NO Functionality and the Modern Sexual Revolution
NO is the small molecule that raises more than a smile, it being involved in vasodilation, sexual arousal, cardiac activity, and various other biological processes. That much is beyond doubt. What is troublesome is that much of the analytical chemistry on this surprising neurotransmitter and bioactivator uses assays to measure NO and observe its functionality in biological systems which may not be entirely accurate, according to a paper published in the American Chemical Society journal Analytical Chemistry.
It is two decades since Science endowed NO, nitrogen(II) oxide (nitric oxide in the old money), with the mantle “Molecule of the Year”. At the time, this free radical with its “spare” electron was battling with AIDS, Mike Tyson, the LA riots, and war in the former Yugoslavia, for column inches in the newspapers.
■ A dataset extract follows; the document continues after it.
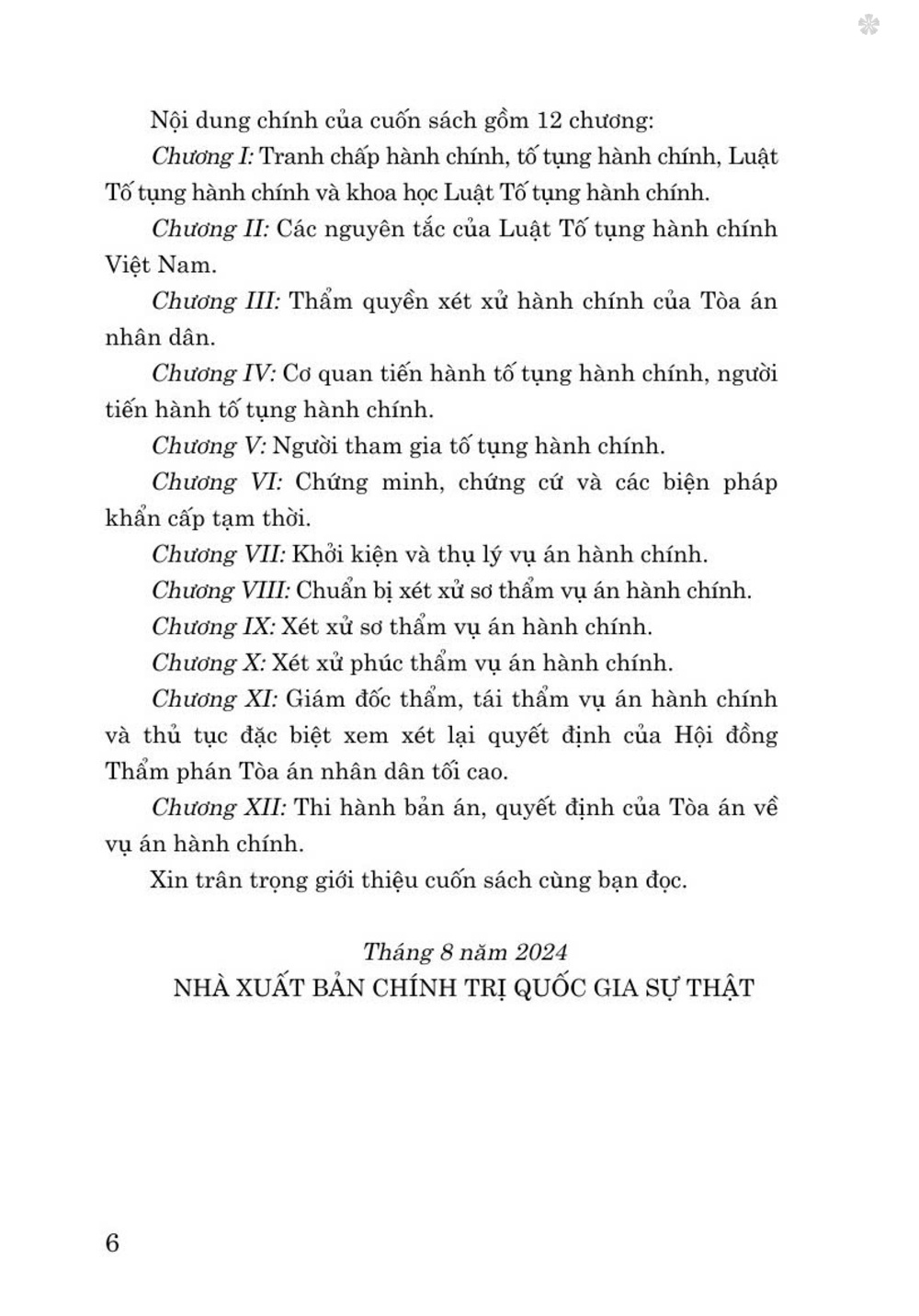 Nhằm hỗ trợ cho sinh viên, học viên các cơ sở đào tạo học tập, tìm hiểu, nghiên cứu các nội dung của môn học Luật Tố tụng hành chính Việt Nam một cách căn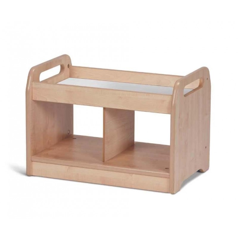 Rangement 2 compartiments avec miroir (H430 mm). Rangement compacte et facile d'accès avec surface de jeu en miroir, spécialement conçue pour les environnements d'apprentissage plus petits.

Nevertheless, it was the discovery of the year that would underpin the modern sexual revolution, for release of this small molecule is essential to sexual arousal in men and is the biochemical pivot on which Viagra works.
The Wikipedia entry for NO describes it as “one of the few gaseous signaling molecules known and is additionally exceptional due to the fact that it is a radical gas. It is a key vertebrate biological messenger, playing a role in a variety of biological processes … contributes to [blood] vessel homeostasis by inhibiting vascular smooth muscle contraction.”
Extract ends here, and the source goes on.